• [RAW DATA]
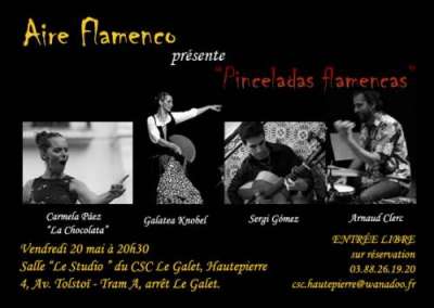 Dans le cadre du Festival Musiques du Monde organisé par le CSC Le Galet de Hautepierre, la Cie Aire Flamenco, présente sa dernière création "Pinceladas flamencas", des "touches" de flamenco dans un récital de musique latina ou viceversa.
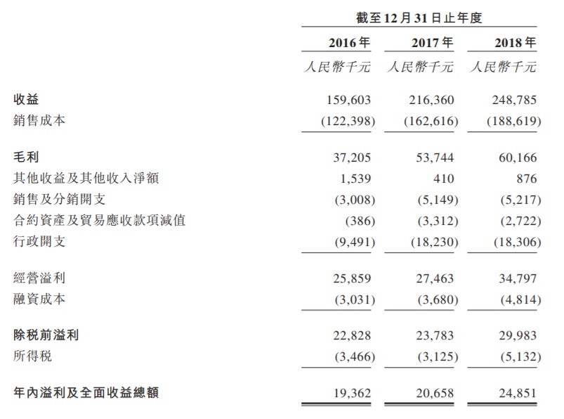 招股书显示,该公司2016年至2018年收益分别为1.60亿元、2.16亿元及2.49亿元;毛利分别为3720.5万元、5374.4万元及6016.6万元;年内溢利分别为1936.2万元、2065.8万元及2485.1万元。
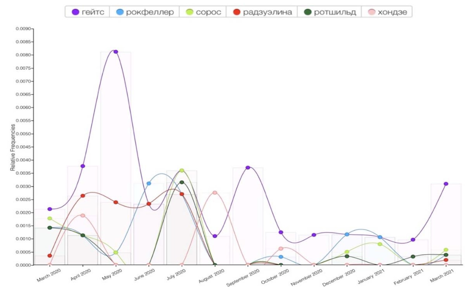 The majority of Covid-19 fake news posts and articles involving businessmen Bill Gates, George Soros, the Rockefellers, and the Rothschilds are based on the claim that the Covid-19 pandemic was planned by billionaires in cooperation with the WHO to “turn people into slaves” by vaccinating them against an “invisible virus” that does not exist. Since the beginning of the pandemic, Bill Gates has been the main target of multiple conspiracy theories spread on social media. The BBC even called him “the voodoo doll of Covid conspiracies” (Wakefield 2020). In Russian viral narratives during the first year of the pandemic, Bill Gates was often referred to as «создатель дивного нового мира» (the creator of a new brave world), «стоящий за пандемией» (a person behind the pandemic), «главный вакцинатор» (the main vaccinator).
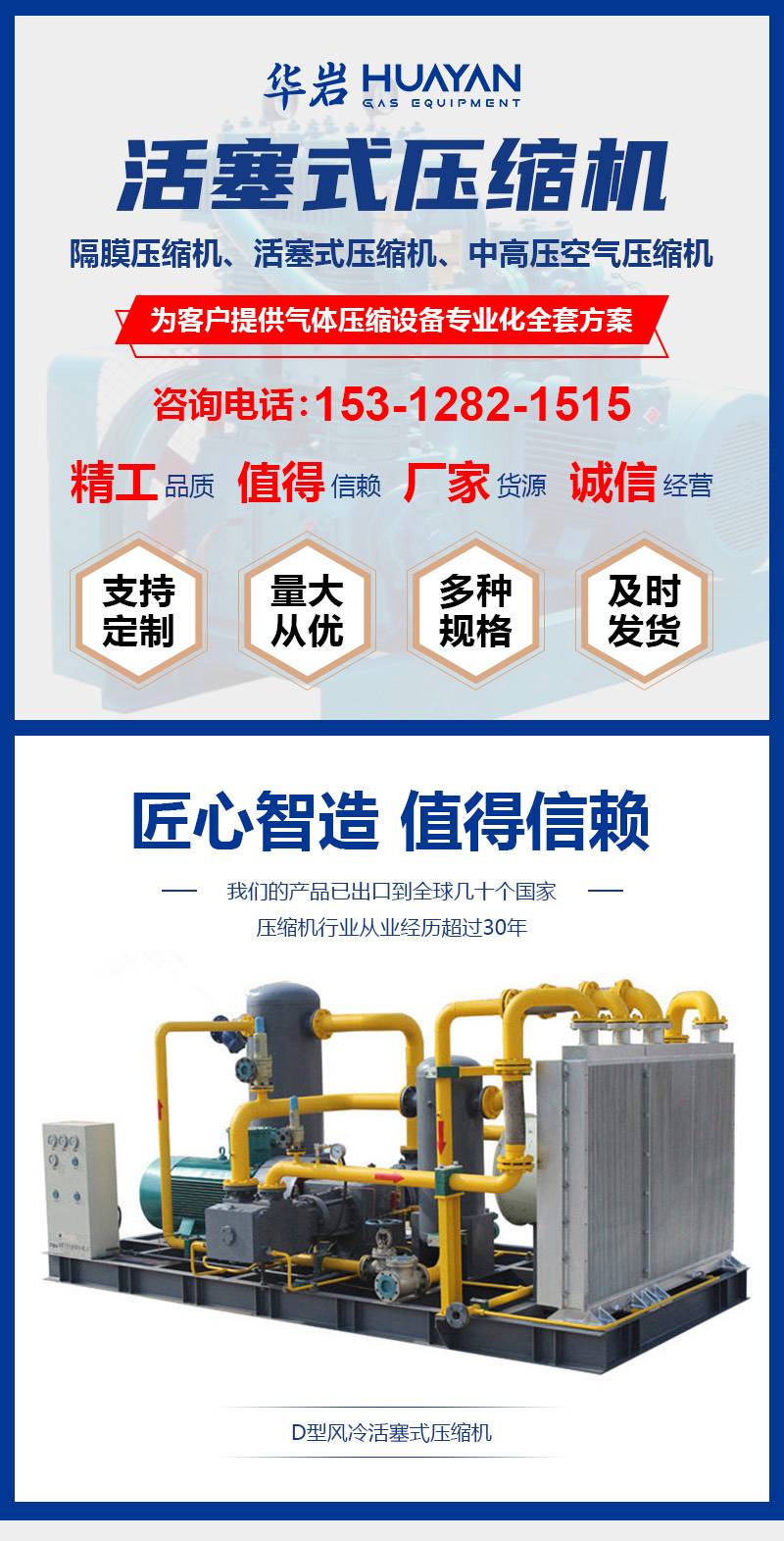 华岩 活塞式压缩机 可压缩氢气/硫化氢 低噪音震动小 安全可靠
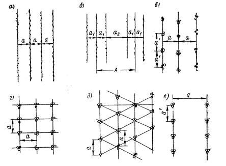 и прямоугольногнездовую схему посева (посадки). Размещение гнезд (или отдельных растений) по вершинам квадратов (прямоугольников) дает возможность проводить механизированный уход за посевами и посадками в двух взаимно перпендикулярных направлениях, что является основным достоинством указанных способов. Разновидностью квадратно-гнездового посева является шахматный посев (рис. 1, д),
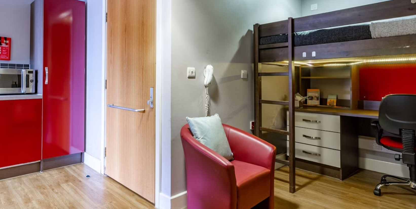 房间内配备书桌椅、餐桌椅、镜子、衣柜和充足的储物空间。私人厨房配备炉灶、烤箱、微波炉、冰箱和灶台。
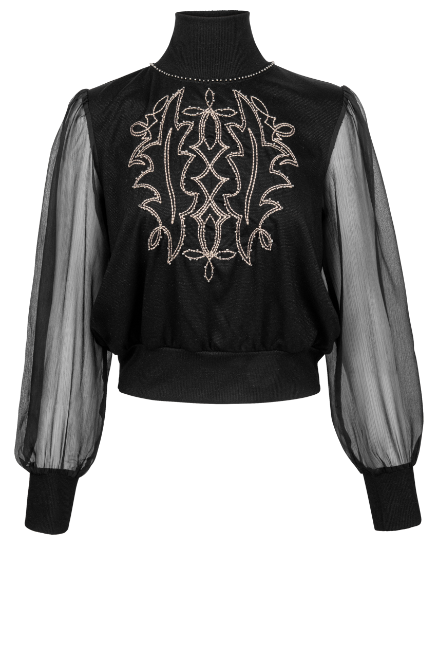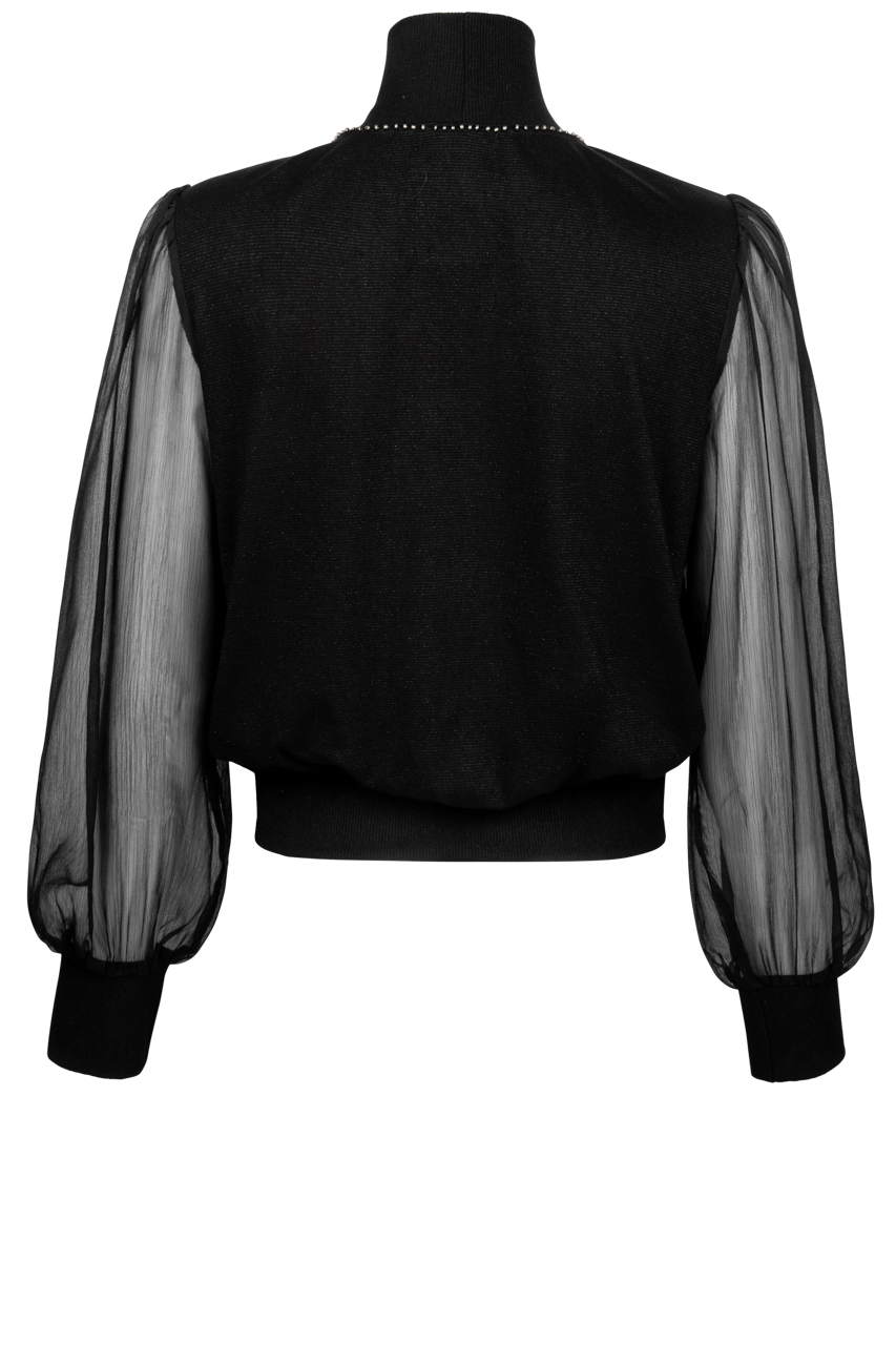 - Full coverage body with sheer balloon sleeves
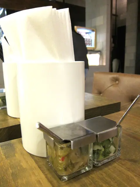 每桌桌上都已經擺好的餐具與醬料,小小盅的酸菜和蔥花
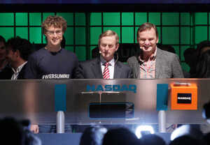 (From left: Web Summit founder Paddy Cosgrave, Enda Kenny and Bruce Aust of NASDAQ at the ringing of the New York stock exchange bell yesterday in the RDS, Ballsbridge, Dublin)

• [TO DO] Please reproduce the entries above exactly, from their first line to the line holding "华岩 活塞式压缩机 可压缩氢气/硫化氢 低噪音震动小 安全可靠" inclusive, and nothing else; the pictures stay out.

• [WRITTEN ANSWER]
 Dans le cadre du Festival Musiques du Monde organisé par le CSC Le Galet de Hautepierre, la Cie Aire Flamenco, présente sa dernière création "Pinceladas flamencas", des "touches" de flamenco dans un récital de musique latina ou viceversa.
 招股书显示,该公司2016年至2018年收益分别为1.60亿元、2.16亿元及2.49亿元;毛利分别为3720.5万元、5374.4万元及6016.6万元;年内溢利分别为1936.2万元、2065.8万元及2485.1万元。
 The majority of Covid-19 fake news posts and articles involving businessmen Bill Gates, George Soros, the Rockefellers, and the Rothschilds are based on the claim that the Covid-19 pandemic was planned by billionaires in cooperation with the WHO to “turn people into slaves” by vaccinating them against an “invisible virus” that does not exist. Since the beginning of the pandemic, Bill Gates has been the main target of multiple conspiracy theories spread on social media. The BBC even called him “the voodoo doll of Covid conspiracies” (Wakefield 2020). In Russian viral narratives during the first year of the pandemic, Bill Gates was often referred to as «создатель дивного нового мира» (the creator of a new brave world), «стоящий за пандемией» (a person behind the pandemic), «главный вакцинатор» (the main vaccinator).
 华岩 活塞式压缩机 可压缩氢气/硫化氢 低噪音震动小 安全可靠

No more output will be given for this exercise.